• The problem
Set down the first line below and each line after it, ending with the one that holds "1、宵夜钟云是一个三保一队,手法简单输出". Pictures do not belong in the copy.

┌──

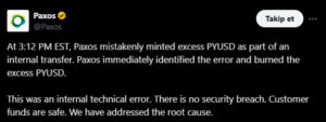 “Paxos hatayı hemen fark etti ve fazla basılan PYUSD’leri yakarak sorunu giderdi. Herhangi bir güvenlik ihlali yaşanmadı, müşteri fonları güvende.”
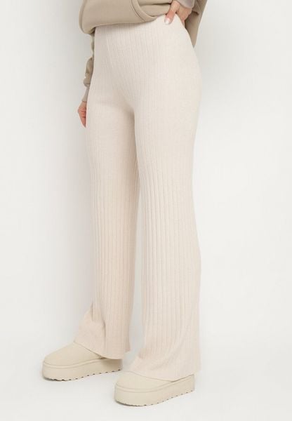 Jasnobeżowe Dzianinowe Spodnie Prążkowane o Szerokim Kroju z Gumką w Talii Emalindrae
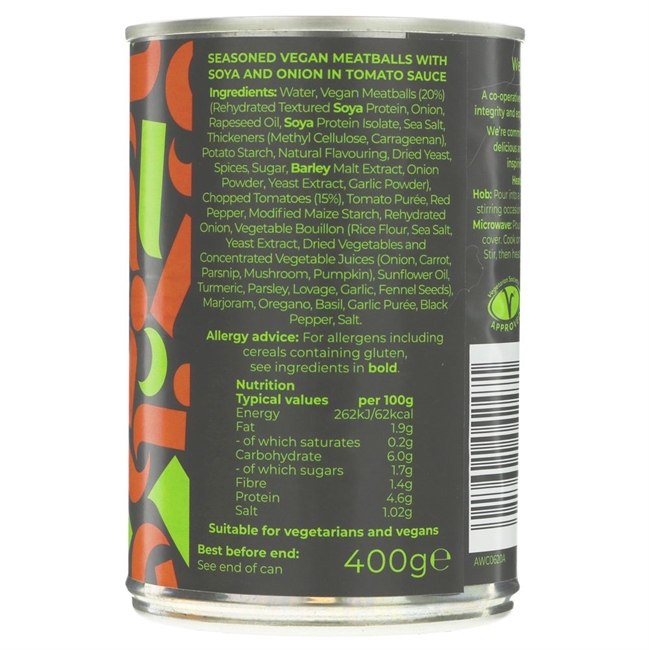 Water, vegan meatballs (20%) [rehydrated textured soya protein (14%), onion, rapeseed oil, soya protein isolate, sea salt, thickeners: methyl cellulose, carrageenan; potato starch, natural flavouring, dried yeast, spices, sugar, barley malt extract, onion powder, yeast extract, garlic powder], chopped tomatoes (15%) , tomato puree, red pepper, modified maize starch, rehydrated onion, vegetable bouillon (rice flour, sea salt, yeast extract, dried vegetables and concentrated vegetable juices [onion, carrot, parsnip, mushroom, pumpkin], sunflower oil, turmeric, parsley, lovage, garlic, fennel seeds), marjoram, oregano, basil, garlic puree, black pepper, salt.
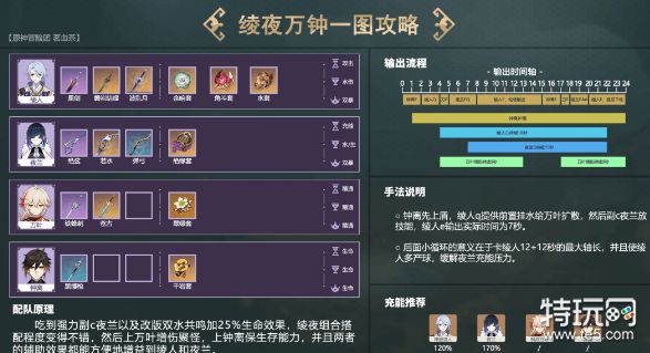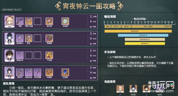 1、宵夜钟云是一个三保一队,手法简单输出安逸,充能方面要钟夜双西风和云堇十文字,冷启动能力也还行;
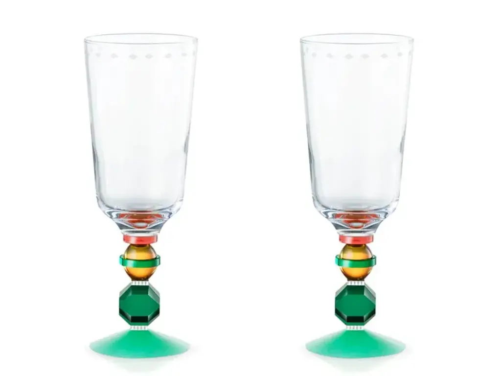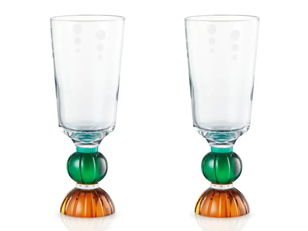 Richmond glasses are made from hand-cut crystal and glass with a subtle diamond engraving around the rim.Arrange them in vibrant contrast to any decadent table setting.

└──

• Solution
 “Paxos hatayı hemen fark etti ve fazla basılan PYUSD’leri yakarak sorunu giderdi. Herhangi bir güvenlik ihlali yaşanmadı, müşteri fonları güvende.”
 Jasnobeżowe Dzianinowe Spodnie Prążkowane o Szerokim Kroju z Gumką w Talii Emalindrae
 Water, vegan meatballs (20%) [rehydrated textured soya protein (14%), onion, rapeseed oil, soya protein isolate, sea salt, thickeners: methyl cellulose, carrageenan; potato starch, natural flavouring, dried yeast, spices, sugar, barley malt extract, onion powder, yeast extract, garlic powder], chopped tomatoes (15%) , tomato puree, red pepper, modified maize starch, rehydrated onion, vegetable bouillon (rice flour, sea salt, yeast extract, dried vegetables and concentrated vegetable juices [onion, carrot, parsnip, mushroom, pumpkin], sunflower oil, turmeric, parsley, lovage, garlic, fennel seeds), marjoram, oregano, basil, garlic puree, black pepper, salt.
 1、宵夜钟云是一个三保一队,手法简单输出安逸,充能方面要钟夜双西风和云堇十文字,冷启动能力也还行;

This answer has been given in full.